## What to do
Repeat exactly, and only, the lines of the entries below from the one with "i 云保 4 周年启动三大创新战略,直面保险行业新挑战!" through the one with "廚房并沒有發(fā)揮眾意裝", both ends included.

## Data shown
# # # # #
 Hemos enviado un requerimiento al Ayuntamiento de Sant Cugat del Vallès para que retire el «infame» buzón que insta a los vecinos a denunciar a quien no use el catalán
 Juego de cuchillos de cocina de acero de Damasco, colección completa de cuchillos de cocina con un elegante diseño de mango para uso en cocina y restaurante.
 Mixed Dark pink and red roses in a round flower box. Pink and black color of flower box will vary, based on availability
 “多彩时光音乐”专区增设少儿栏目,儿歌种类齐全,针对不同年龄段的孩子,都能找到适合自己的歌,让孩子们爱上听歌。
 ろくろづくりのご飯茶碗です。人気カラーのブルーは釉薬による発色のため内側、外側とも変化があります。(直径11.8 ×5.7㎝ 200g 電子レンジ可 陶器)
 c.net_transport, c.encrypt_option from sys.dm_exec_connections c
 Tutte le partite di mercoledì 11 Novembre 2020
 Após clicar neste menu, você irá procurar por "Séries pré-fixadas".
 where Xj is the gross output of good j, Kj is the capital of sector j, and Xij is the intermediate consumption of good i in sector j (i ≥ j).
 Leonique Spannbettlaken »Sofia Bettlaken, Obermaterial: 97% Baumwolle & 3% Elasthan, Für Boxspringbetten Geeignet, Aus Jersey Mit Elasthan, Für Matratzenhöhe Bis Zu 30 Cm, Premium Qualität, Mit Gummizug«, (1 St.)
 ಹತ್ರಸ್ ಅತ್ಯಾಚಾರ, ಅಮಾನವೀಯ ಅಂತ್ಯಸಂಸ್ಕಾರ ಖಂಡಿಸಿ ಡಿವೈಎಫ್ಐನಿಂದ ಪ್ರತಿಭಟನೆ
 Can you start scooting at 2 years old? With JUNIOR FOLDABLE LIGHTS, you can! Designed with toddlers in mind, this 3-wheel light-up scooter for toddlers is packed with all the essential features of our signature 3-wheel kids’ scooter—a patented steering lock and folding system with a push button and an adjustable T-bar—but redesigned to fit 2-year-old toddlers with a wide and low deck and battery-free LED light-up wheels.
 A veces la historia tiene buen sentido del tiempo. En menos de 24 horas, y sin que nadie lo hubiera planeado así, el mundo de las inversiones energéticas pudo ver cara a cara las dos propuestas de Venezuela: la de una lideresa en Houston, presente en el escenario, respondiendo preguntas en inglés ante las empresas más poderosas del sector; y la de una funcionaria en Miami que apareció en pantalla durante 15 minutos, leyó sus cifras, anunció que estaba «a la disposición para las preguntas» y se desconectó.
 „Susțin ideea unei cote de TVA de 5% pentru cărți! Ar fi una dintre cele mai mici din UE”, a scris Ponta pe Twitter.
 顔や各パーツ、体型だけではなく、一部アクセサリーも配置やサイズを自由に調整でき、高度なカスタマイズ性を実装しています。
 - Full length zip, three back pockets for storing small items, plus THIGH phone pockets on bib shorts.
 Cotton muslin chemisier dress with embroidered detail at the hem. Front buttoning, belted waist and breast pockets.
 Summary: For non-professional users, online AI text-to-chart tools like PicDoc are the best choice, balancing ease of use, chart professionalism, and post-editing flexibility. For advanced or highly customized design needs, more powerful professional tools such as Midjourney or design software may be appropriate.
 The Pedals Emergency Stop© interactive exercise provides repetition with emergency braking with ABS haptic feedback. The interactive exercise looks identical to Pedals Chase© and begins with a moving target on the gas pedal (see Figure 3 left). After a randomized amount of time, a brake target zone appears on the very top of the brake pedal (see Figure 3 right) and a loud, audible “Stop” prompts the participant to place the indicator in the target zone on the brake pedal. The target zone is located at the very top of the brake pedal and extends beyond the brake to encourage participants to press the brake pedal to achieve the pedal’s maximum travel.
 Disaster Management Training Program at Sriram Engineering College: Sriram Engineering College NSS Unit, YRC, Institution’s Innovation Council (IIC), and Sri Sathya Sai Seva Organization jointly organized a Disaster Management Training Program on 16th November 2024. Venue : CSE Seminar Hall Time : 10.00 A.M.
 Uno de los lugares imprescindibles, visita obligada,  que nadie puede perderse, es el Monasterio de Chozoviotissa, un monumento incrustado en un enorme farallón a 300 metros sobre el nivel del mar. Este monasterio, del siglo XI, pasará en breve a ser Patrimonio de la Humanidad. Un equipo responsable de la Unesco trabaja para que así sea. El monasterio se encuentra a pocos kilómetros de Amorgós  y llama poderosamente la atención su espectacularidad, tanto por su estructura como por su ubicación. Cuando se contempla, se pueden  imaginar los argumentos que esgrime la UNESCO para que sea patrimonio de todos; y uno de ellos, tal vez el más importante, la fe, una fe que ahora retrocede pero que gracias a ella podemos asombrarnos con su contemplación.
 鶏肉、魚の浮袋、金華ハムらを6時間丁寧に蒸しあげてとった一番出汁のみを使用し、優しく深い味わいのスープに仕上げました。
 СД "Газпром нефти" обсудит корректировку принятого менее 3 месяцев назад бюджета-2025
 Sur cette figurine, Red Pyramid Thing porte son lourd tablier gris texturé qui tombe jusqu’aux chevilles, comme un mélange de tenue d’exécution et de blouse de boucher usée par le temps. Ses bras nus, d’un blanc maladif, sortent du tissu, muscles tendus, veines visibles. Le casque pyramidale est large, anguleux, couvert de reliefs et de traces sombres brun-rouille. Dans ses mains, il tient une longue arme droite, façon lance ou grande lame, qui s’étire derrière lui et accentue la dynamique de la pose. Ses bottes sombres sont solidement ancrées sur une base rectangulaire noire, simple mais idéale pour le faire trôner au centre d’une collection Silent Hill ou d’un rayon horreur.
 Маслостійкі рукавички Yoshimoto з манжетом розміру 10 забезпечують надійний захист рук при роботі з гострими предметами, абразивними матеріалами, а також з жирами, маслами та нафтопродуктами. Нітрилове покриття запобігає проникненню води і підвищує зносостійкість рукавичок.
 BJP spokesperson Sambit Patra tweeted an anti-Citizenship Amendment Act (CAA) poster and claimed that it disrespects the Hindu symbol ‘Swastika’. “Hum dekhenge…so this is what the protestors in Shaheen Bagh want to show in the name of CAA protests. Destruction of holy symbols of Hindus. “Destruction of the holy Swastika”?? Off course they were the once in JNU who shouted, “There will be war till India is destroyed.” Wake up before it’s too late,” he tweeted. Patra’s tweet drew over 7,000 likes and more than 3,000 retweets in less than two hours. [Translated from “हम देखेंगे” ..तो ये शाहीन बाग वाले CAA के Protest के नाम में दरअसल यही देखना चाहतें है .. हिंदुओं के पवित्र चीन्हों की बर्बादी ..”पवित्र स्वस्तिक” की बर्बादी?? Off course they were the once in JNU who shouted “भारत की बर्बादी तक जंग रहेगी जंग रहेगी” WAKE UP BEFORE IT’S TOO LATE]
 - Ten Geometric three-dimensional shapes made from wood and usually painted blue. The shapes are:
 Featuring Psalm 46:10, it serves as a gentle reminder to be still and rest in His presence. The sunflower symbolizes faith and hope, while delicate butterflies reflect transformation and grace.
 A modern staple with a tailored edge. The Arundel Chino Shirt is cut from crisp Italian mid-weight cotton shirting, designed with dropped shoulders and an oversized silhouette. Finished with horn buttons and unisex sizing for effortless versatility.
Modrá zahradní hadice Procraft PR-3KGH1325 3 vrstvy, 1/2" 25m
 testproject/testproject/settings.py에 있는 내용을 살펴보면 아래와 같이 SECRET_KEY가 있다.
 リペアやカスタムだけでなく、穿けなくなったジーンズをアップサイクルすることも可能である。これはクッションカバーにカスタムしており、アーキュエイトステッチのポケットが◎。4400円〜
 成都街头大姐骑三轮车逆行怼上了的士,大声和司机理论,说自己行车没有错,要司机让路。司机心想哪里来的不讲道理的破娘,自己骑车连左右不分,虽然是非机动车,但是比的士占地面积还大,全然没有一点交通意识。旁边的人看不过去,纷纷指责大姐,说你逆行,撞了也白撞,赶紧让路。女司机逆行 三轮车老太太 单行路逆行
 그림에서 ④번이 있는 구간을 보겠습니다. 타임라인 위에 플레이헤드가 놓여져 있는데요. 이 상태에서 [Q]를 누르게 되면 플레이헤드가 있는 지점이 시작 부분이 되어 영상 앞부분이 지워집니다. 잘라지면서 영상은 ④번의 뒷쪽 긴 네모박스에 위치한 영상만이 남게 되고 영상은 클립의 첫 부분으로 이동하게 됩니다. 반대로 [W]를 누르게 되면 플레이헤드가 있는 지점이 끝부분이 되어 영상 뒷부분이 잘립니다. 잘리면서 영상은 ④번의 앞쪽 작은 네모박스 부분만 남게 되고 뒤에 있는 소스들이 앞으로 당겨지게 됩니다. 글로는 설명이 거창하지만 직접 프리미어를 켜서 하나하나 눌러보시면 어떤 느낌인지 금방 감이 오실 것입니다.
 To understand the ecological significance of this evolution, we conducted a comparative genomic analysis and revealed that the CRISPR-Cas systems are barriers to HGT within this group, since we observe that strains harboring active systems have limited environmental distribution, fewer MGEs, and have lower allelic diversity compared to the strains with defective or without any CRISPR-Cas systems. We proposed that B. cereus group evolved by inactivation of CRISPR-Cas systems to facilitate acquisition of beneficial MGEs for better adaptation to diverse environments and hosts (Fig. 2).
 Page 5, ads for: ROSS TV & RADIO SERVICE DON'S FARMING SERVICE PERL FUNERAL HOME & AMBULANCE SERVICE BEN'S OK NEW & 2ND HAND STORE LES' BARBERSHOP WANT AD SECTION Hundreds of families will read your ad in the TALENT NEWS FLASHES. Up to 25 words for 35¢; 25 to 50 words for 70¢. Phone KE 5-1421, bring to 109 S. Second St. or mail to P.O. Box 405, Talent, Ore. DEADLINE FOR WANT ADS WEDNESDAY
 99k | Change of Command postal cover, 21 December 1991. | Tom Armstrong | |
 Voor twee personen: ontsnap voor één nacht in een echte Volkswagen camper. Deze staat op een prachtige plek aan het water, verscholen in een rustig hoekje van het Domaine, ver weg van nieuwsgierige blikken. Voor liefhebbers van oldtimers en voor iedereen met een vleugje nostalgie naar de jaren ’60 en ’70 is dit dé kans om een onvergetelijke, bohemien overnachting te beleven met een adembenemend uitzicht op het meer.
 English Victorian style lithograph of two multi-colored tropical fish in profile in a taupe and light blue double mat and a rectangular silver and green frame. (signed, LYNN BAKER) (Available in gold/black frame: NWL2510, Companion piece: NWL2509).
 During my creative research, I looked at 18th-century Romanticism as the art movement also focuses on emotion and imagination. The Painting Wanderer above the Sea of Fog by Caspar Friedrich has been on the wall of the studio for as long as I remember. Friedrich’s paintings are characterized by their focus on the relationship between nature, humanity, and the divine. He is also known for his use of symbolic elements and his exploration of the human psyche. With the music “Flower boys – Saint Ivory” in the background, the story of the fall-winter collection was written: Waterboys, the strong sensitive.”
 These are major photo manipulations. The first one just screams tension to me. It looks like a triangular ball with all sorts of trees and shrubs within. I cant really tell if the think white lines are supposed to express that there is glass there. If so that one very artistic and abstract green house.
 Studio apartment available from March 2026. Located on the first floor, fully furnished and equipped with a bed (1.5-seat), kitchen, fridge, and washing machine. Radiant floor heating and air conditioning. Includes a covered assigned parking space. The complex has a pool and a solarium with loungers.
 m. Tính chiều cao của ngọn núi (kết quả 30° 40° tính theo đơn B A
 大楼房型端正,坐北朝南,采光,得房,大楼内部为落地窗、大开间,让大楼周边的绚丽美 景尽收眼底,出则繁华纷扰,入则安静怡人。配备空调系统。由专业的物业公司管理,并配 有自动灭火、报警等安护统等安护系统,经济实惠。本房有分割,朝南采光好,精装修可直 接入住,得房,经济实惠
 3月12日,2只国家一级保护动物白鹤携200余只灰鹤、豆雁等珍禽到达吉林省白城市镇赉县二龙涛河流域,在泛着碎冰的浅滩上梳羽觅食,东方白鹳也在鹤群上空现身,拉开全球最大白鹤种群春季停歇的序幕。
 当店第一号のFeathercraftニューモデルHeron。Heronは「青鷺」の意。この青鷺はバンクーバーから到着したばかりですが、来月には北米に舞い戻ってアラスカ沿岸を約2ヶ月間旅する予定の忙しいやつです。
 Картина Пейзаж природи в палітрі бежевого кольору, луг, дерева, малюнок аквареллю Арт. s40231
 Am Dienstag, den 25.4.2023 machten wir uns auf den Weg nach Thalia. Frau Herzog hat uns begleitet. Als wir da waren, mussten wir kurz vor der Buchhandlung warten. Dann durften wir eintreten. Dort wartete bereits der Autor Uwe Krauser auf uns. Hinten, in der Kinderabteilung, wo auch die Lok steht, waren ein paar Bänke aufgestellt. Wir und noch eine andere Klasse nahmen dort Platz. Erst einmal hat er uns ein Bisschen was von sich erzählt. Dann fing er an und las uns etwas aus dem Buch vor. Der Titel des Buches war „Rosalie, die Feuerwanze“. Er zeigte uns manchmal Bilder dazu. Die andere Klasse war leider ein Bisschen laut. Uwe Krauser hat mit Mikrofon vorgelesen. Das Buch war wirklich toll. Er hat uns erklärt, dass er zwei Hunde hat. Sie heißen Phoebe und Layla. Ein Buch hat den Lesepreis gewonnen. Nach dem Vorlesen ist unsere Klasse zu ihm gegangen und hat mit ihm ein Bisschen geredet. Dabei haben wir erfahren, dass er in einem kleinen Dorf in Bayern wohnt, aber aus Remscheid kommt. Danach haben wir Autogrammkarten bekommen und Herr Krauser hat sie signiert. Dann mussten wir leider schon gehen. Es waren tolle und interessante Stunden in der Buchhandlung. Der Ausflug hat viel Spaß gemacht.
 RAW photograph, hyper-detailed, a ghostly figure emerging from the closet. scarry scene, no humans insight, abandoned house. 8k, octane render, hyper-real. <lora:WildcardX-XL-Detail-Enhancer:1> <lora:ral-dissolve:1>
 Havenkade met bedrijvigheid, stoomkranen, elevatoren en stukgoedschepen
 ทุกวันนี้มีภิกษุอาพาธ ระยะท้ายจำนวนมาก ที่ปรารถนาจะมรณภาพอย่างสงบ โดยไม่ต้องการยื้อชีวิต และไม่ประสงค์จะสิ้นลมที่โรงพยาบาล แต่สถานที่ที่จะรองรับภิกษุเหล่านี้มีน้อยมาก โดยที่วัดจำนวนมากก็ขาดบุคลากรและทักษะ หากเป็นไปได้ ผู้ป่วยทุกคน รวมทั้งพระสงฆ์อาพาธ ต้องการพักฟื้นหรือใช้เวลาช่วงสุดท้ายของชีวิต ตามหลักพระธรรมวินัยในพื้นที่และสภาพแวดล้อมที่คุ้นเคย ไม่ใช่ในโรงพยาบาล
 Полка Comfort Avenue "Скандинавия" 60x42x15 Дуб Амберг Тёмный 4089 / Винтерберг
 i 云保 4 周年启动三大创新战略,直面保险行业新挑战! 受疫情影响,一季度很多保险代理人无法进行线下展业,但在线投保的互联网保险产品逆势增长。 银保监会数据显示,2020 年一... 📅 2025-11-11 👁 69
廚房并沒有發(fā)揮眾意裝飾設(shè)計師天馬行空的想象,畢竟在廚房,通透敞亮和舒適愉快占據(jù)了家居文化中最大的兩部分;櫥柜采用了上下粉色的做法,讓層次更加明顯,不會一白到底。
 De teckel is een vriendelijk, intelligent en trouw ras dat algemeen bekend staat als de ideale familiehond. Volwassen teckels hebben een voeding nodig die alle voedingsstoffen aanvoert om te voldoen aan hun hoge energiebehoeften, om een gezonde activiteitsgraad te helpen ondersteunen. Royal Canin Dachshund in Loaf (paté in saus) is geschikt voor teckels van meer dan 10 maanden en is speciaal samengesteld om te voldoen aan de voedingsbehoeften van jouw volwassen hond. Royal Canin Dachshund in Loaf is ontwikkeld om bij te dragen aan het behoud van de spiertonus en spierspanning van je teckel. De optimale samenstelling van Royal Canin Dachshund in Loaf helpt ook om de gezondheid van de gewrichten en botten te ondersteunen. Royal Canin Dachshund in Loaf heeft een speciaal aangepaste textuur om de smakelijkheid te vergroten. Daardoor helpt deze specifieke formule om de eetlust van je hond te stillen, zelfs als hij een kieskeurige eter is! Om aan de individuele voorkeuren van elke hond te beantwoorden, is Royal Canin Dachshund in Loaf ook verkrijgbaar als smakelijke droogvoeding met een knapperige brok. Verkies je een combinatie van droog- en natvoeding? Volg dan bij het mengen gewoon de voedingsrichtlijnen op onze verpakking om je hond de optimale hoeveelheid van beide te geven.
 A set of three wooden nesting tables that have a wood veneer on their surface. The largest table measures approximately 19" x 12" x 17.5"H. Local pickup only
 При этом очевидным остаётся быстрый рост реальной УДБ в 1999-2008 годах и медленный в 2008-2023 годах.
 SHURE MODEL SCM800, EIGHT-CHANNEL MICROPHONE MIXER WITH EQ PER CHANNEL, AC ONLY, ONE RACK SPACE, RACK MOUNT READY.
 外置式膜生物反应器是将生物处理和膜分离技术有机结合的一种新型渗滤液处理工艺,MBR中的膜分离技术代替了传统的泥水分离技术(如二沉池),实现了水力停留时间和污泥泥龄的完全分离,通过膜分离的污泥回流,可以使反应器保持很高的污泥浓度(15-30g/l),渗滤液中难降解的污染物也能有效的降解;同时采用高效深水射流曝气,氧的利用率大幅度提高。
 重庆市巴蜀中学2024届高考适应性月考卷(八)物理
# # # # #
## Written reply
 i 云保 4 周年启动三大创新战略,直面保险行业新挑战! 受疫情影响,一季度很多保险代理人无法进行线下展业,但在线投保的互联网保险产品逆势增长。 银保监会数据显示,2020 年一... 📅 2025-11-11 👁 69
廚房并沒有發(fā)揮眾意裝飾設(shè)計師天馬行空的想象,畢竟在廚房,通透敞亮和舒適愉快占據(jù)了家居文化中最大的兩部分;櫥柜采用了上下粉色的做法,讓層次更加明顯,不會一白到底。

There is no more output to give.